Best POD: In 1960, Harris Wofford tried to get Jack Kennedy to call Coretta King. Kennedy dithered and Nixon beat him to the punch. Given how close 1960 was, maybe Kennedy wins if he makes the call.

Big question is whether Kennedy would have supported civil rights as aggressively as Nixon did. Nixon was hypersensitive, and it worked out for the best where civil rights were concerned. He took Wallace and Barnett's defiance as a personal affront. His pushback against the segregationists led to the Civil Rights Act and Voting Rights Act.
 

Thomas1195

Banned
Only on social issues -- if anything the Dems tend to be slightly to the left on economics due to their long-standing relationship with organized labor (though I'll grant this is starting to shift as the GOP relies more and more heavily on minority voters, college students, and DEMOGRAPHICS and those voters tend to support a broad social safety net).
No.
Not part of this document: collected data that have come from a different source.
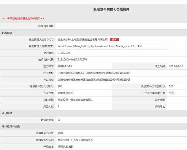 外資備案私募機(jī)構(gòu)的步伐越來越快。12月13日,珀金埃爾默(上海)股權(quán)投資基金管理有限公司在基金業(yè)協(xié)會(huì)登記備案,該私募在8月28日成立,注冊(cè)地址為上海市浦東新區(qū)自由貿(mào)易試驗(yàn)區(qū)張衡路1670號(hào)第5層D區(qū),注冊(cè)資本200萬美元,實(shí)繳資本100萬美元,企業(yè)性質(zhì)為外商獨(dú)資企業(yè),法定代表人張晟。
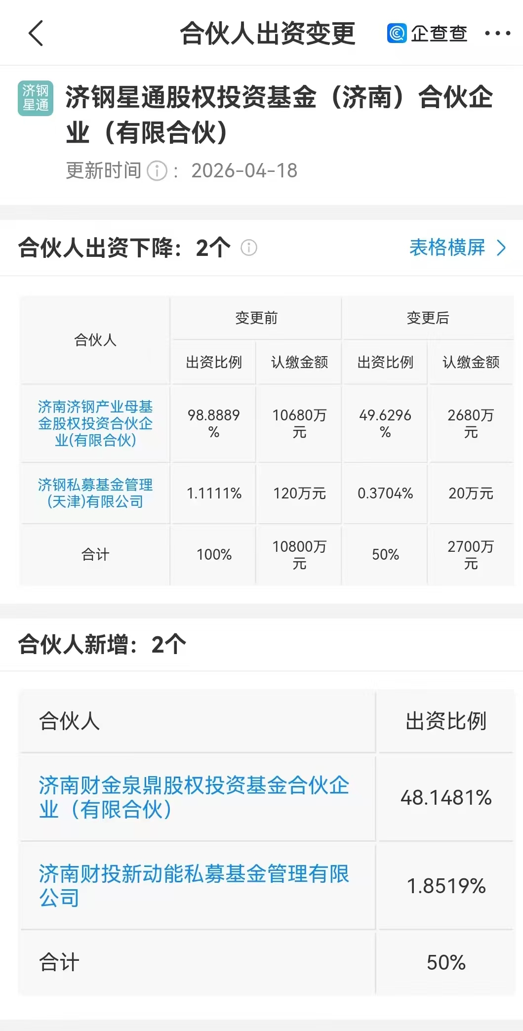 变更后,济钢星通基金的出资总额降至5400万元。济钢产业母基金、济钢私募天津公司的出资总额降至2700万元,合计出资比例由100%降低至50%;剩余的50%股权,由新增合伙人济南财金泉鼎股权投资基金合伙企业(下称“财金泉鼎基金”)和济南财投新动能私募基金管理有限公司(下称“新动能私募基金”)接盘。
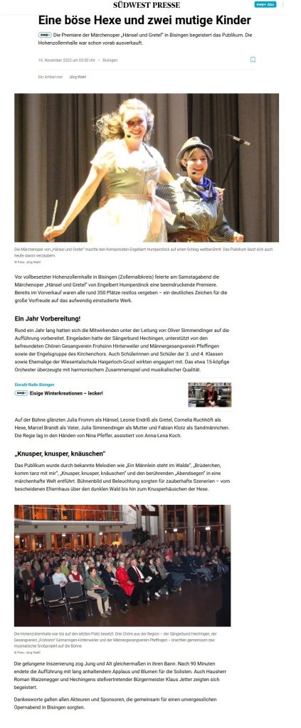 Und hier noch der Pressebericht zu unserer Aufführung in Gomaringen,
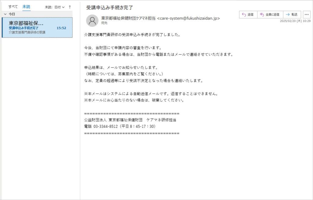 1-6 【申込完了の確認】財団から申込完了のメールを受信します。
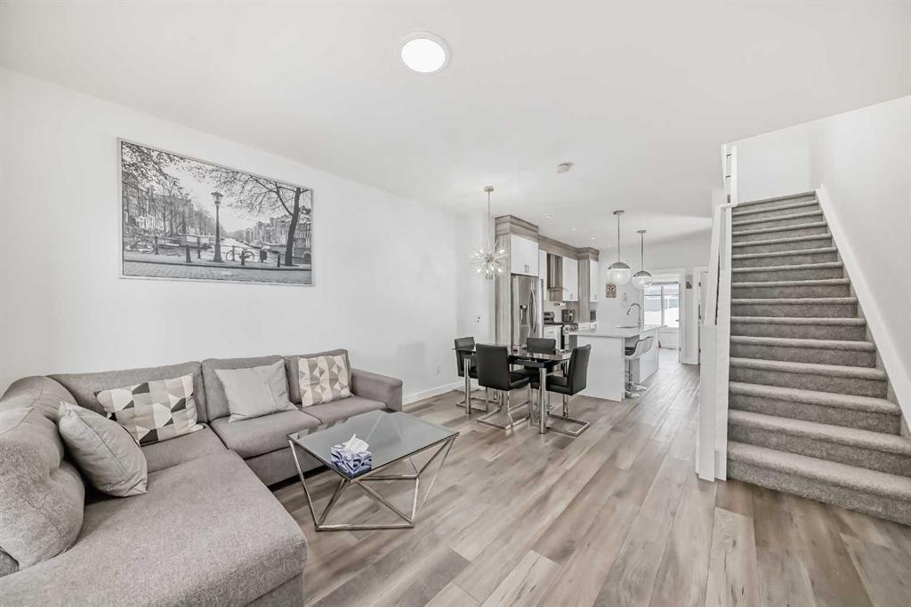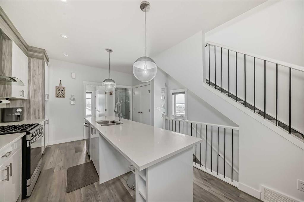 Welcome to this beautifully crafted modern Townhouse featuring 3 bedrooms, 3 full bathrooms, and a DOUBLE TANDEM GARAGE in the sought-after Skyview Ranch NE community in Calgary. Blending style with practicality, this home provides generous space and thoughtful upgrades throughout. The main level includes a spacious double tandem garage with extra storage, perfect for vehicles, tools, or seasonal. items. The second level showcases a chef-inspired kitchen with glossy DUAL TONE CABINETRY, a large ISLAND WITH QUARTZ COUNTERTOPS, sleek STAINLESS STEEL APPLIANCES, a modern range hood, and ample counter and storage space. The open-concept living and dining areas are filled with natural light through oversized windows and feature a fireplace that adds warmth and character. Elegant LVP flooring enhances the modern aesthetic. This level also offers a bedroom and a full bathroom with a standing shower, ideal for guests, in-laws, or a home office. Upstairs, the third level provides privacy and comfort with TWO SPACIOUS PRIMARY BEDROOMS, each with its OWN PRIVATE ENSUITE bathroom. A conveniently located laundry room adds practicality. Location is key, and this home excels in that regard. You’re within walking distance of Prairie Sky School, Apostles of Jesus School, and Kidz Space Daycare, making it perfect for families. Just a minute away, a vibrant shopping plaza offers grocery stores, banks, cafés, and a variety of dining options. Calgary International Airport is just 10 minutes away for travellers. Downtown Calgary is within 20 minutes, with quick access to Deerfoot Trail and Stoney Trail, ensuring easy connectivity. With modern finishes, a versatile layout, a prime location, and convenience, this home has everything you need. Whether you’re a first-time buyer, a growing family, or an investor, this is an exceptional opportunity to own a unique home in Skyview Ranch. Don’t miss your chance to make it yours!

The Republican supported strong federal power and big spending on national infrastructure programs.

OCC: This is essentially the GOP under Lincoln rather than under Calvin Coolidge.
 
Only on social issues -- if anything the Dems tend to be slightly to the left on economics due to their long-standing relationship with organized labor (though I'll grant this is starting to shift as the GOP relies more and more heavily on minority voters, college students, and DEMOGRAPHICS and those voters tend to support a broad social safety net).

At any rate, the Democrats' two bases -- Southerners and union "hard-hats" -- have always been more socially conservative than the cosmopolitan suburbanites in the GOP, so somehow you'd have to get one group to switch sides for this to work. Unions would be easier to flip Republican than Dixie, for obvious reasons, but not quite sure how -- maybe a Republican gets the credit for ending the Great Depression instead of Al Smith?
OOC: Well that didn't take long.:p
 

FBKampfer

Banned
Basically the same thing. Realistically, the two parties have always been driven by the same external idealogical forces as they are in 2017. The Whigs, the Democrats, Republicans, the name doesn't matter.

The Republicans have done reversals in the past, and arguably are in the middle of another. Damn neoliberal republicans just won't follow voters on economic issues, but the two party system essentially ensures they can get away with it.

The Republicans could have pulled the Southern Strategy instead of the Democrats, and idealogical results would be almost identical at this point. We'd still have the same democratic voters denying climate change, and yelling about Christian persecution in the US, we'd still have all the same ugly crap rearing it's head, only we'd flip-flop the names. Especially with such an early POD.